Where the terms “XHTML” and “XHTML document” appear in the remainder of this section, they refer to XHTML markup served with an XML MIME type. XHTML markup served as text/html is an HTML document as far as browsers are concerned.

How to migrate from HTML to XHTML

As recommended by W3C following steps can be followed for migration of HTML to XHTML (XHTML 1.0 documents):

  • Include xml:lang and lang attributes on elements assigning language.
  • Use empty-element syntax on elements specified as empty in HTML.
  • Include an extra space in empty-element tags: <html />
  • Include close tags for elements that can have content but are empty: <html></html>
  • Do not include XML declaration.

Carefully following W3C’s guidelines on compatibility, a user agent (web browser) should be able to interpret documents with equal ease as HTML or XHTML.

How to migrate from XHTML to HTML

To understand the subtle differences between HTML and XHTML, consider the transformation of a valid and well-formed XHTML 1.0 document into a valid HTML 4.01 document.
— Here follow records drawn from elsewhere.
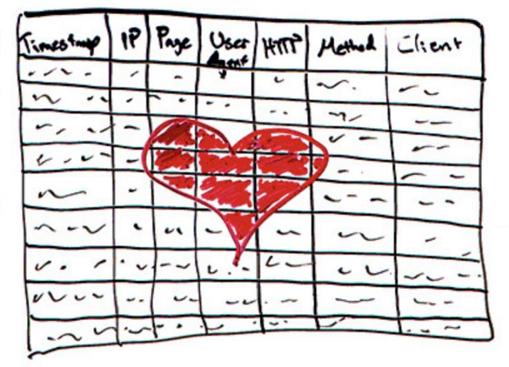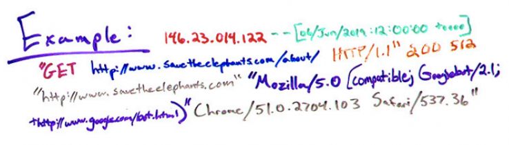 It's a word I just made up, and it just looks like that. It's just like bleh. What is that? It looks crazy. It's a new language. But essentially you'll likely see that IP, so that red IP address, that timestamp, which will commonly look like that, that method (get/post), which I don't completely understand or necessarily need to use in some of the analysis, but it's good to be aware of all these things, the URL requested, that status code, all of these things here.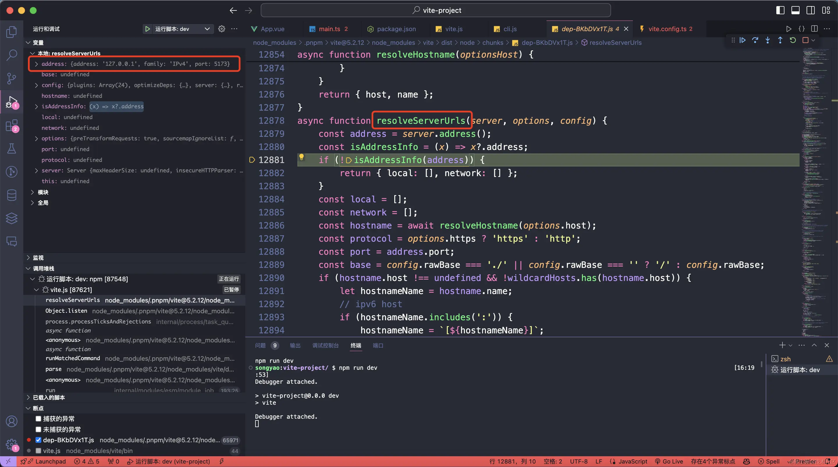 接着往下走,我们可以看到有一个处理url的方法,此时运行栈里面的address变量也能够看到是127.0.0.1:5173,这就是我们等会要访问的本地服务,当然现在浏览器还什么也看不到,因为还没开始处理/路由,该路由需要返回一个html文件,也就是我们的模版文件(项目基于Vue3)
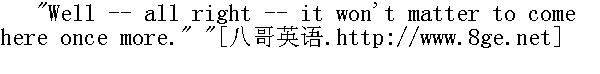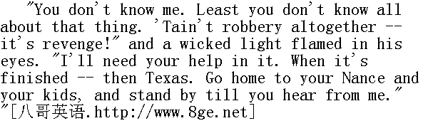 你不了解我,至少你不全知道那件事。那不完全是抢劫--那是复仇啊!"他眼里射出凶恶的光。"这事得你帮我,干完活就到得州去,回去看你老婆和孩子们,等我的消息。" "Well -- if you say so; what'll we do with this -- bury it again?" " 好--如果是这样的,那么这箱金币怎么办?--再埋在这里?" "Yes. [Ravishing delight overhead.] No! by the great Sachem, no! [Profound distress overhead.] I'd nearly forgot. That pick had fresh earth on it! [The boys were sick with terror in a moment.] What business has a pick and a shovel here? What business with fresh earth on them? Who brought them here -- and where are they gone? Have you heard anybody? -- seen anybody? What! bury it again and leave them to come and see the ground disturbed? Not exactly -- not exactly. We'll take it to my den." " 对,(楼上高兴得欢天喜地。)不!好家伙!绝对不行!(楼上的情绪一落千丈。)我差点忘了,那把铁锹上还有新泥土呢!(两个孩子一听吓得要命。)这里要锹和镐头干什么?是谁拿来的?--人呢?听见有人吗?看见了吗?好家伙,还要把箱子埋起来,让他们回来好发现这里有人动过土?不行,这样不妥,我们把箱子拿到我那里去。" "Why, of course! Might have thought of that before. You mean Number One?" " 说得对呀,干吗不呢?早该想到这主意,你是说要拿到一号去?" "No -- Number Two -- under the cross. The other place is bad -- too common." " 不,是二号,十字架下面的,别的地方不行,没有特别的地方。"

To make this translation requires the following steps:

  • The language for an element should be specified with a lang attribute rather than the XHTML xml:langattribute. XHTML uses XML’s built in language-defining functionality attribute.
  • Remove the XML namespace (xmlns=URI). HTML has no facilities for namespaces.
  • Change the document type declaration from XHTML 1.0 to HTML 4.01.
  • If present, remove the XML declaration. (Typically this is: <?xml version="1.0" encoding="utf-8"?>).
  • Ensure that the document’s MIME type is set to text/html. For both HTML and XHTML, this comes from the HTTP Content-Type header sent by the server.
  • Change the XML empty-element syntax to an HTML style empty element (<br/> to <br>).